ML Feature + Signal Fusion
The ML + Signal Fusion strategy combines the probabilistic output of a trained machine learning classifier with a traditional technical signal. This approach requires both components to indicate agreement above a predefined confidence threshold before generating a trading signal.
Fusion Logic
- ML Model Output: The machine learning model produces a probability estimate, P(up), representing the likelihood of an upward price movement.
- Technical Signal: A traditional technical indicator, such as an Exponential Moving Average (EMA) cross, provides a binary signal (+1 for bullish, -1 for bearish, 0 for neutral).
- Fused Signal Generation: A signal is emitted only when the ML probability (P(up) or P(down)) exceeds a specified
ml_thresholdAND the technical signal aligns with the ML prediction.
Advantages
- The machine learning layer effectively captures complex, non-linear patterns within features that might be missed by traditional methods.
- The technical analysis layer provides interpretable structural context, enhancing the reliability and transparency of the signal.
- Neither component is solely relied upon, offering a robust, multi-faceted decision-making process.
Limitations
- The current model is trained and evaluated on the same dataset (specifically, a single 500-bar period), which does not constitute a true out-of-sample assessment.

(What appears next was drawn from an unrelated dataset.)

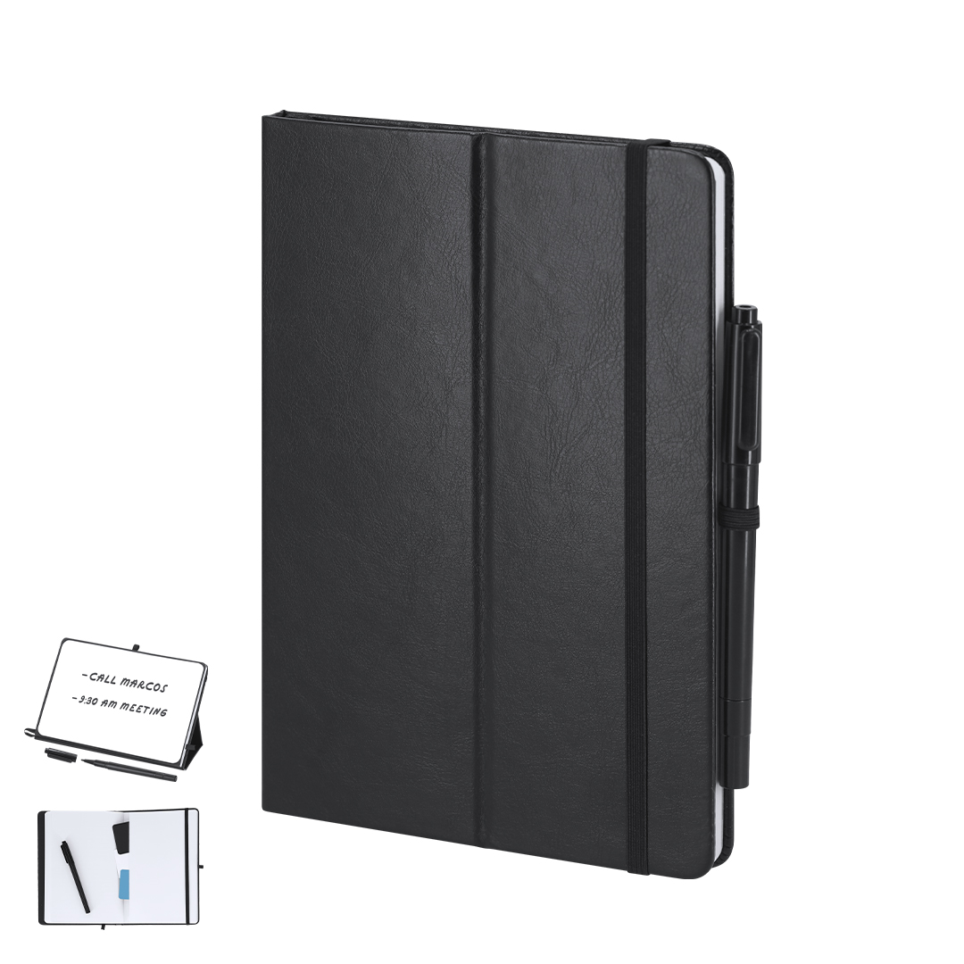 Bloc de notas pizarra en PU reciclado. Con pizarra en primera página, incluye bolígrafo rotulador y borrador en tinta negra. Con 80 hojas a disposición de una raya. Portada plegable con función soporte, y cinta elástica para cierre seguro.Ideal para tomar notas rápidas, apuntes, crear diseños en tu jornada laboral o en casa.Incluye distintitov logo PU Reciclado. 80 Hojas. Bolígrafo Rotulador Tinta Negra y Paño Limpiador Incluido PU Reciclada

- For production environments, implementing robust validation methodologies, such as walk-forward optimization or purged cross-validation, is essential to ensure generalization and prevent overfitting.
import pandas as pd
import numpy as np
from sklearn.ensemble import RandomForestClassifier
from sklearn.preprocessing import StandardScaler
import plotly.graph_objects as go
from plotly.subplots import make_subplots1. Data Generation
Synthetic OHLCV price data is generated using a geometric random walk for demonstration and model evaluation. This process simulates market data with defined characteristics, suitable for testing trading strategies or machine learning models.
def generate_data(periods: int) -> pd.DataFrame:
"""
Generates synthetic OHLCV price data using a geometric random walk.
Parameters
----------
periods : int
Number of 1-minute bars to generate.
Returns
-------
pd.DataFrame
DataFrame with columns: open, high, low, close, volume, datetime.
"""
start_date = pd.to_datetime("2024-01-01 00:00:00+00:00")
datetime_index = pd.date_range(start_date, periods=periods, freq="1min", tz="UTC")
price_data = []
last_close = 42000
for i in range(periods):
open_price = last_close + np.random.normal(0, last_close * 0.0005)
close_price = open_price + np.random.normal(0, last_close * 0.005)
body_high = max(open_price, close_price)
body_low = min(open_price, close_price)
high_price = max(body_high + abs(np.random.normal(0, last_close * 0.002)), open_price, close_price)
low_price = min(body_low - abs(np.random.normal(0, last_close * 0.002)), open_price, close_price)
if high_price < low_price:
high_price, low_price = low_price, high_price
price_data.append({
"open": max(1, int(open_price)),
"high": max(1, int(high_price)),
"low": max(1, int(low_price)),
"close": max(1, int(close_price)),
})
last_close = close_price
df = pd.DataFrame(price_data, index=datetime_index)
df.index.name = "datetime"
df["volume"] = np.random.uniform(100.0, 500.0, periods)
df["datetime"] = df.index.to_series()
return df.reset_index(drop=True)
df = generate_data(500)
display(df.head())| open | high | low | close | volume | datetime | |
|---|---|---|---|---|---|---|
| 0 | 42018 | 42191 | 41924 | 42160 | 207.092540 | 2024-01-01 00:00:00+00:00 |
| 1 | 42161 | 42299 | 42022 | 42114 | 342.810455 | 2024-01-01 00:01:00+00:00 |
| 2 | 42132 | 42349 | 41946 | 42230 | 196.538267 | 2024-01-01 00:02:00+00:00 |
| 3 | 42220 | 42225 | 42073 | 42086 | 341.995415 | 2024-01-01 00:03:00+00:00 |
| 4 | 42098 | 42428 | 42049 | 42395 | 106.497504 | 2024-01-01 00:04:00+00:00 |
2. ML Feature and Signal Fusion Implementation
This section defines the ml_feature_signal_fusion function, which integrates machine learning probabilities with traditional technical analysis signals. The function engineers technical features, trains a Random Forest Classifier, generates out-of-sample probability predictions, computes EMA crossover signals, and finally fuses these two components to produce a consolidated trading signal.
def ml_feature_signal_fusion(
df: pd.DataFrame,
horizon: int = 5,
ml_threshold: float = 0.6,
ema_fast: int = 12,
ema_slow: int = 26,
) -> pd.DataFrame:
"""
Fuses ML classification probabilities with EMA cross signals.
Core Logic
----------
1. Engineers technical features and binary labels.
2. Trains a RandomForestClassifier on the first 80%% of bars.
3. Generates out-of-sample probability predictions on the remaining 20%%.
4. Computes EMA cross signal on all bars.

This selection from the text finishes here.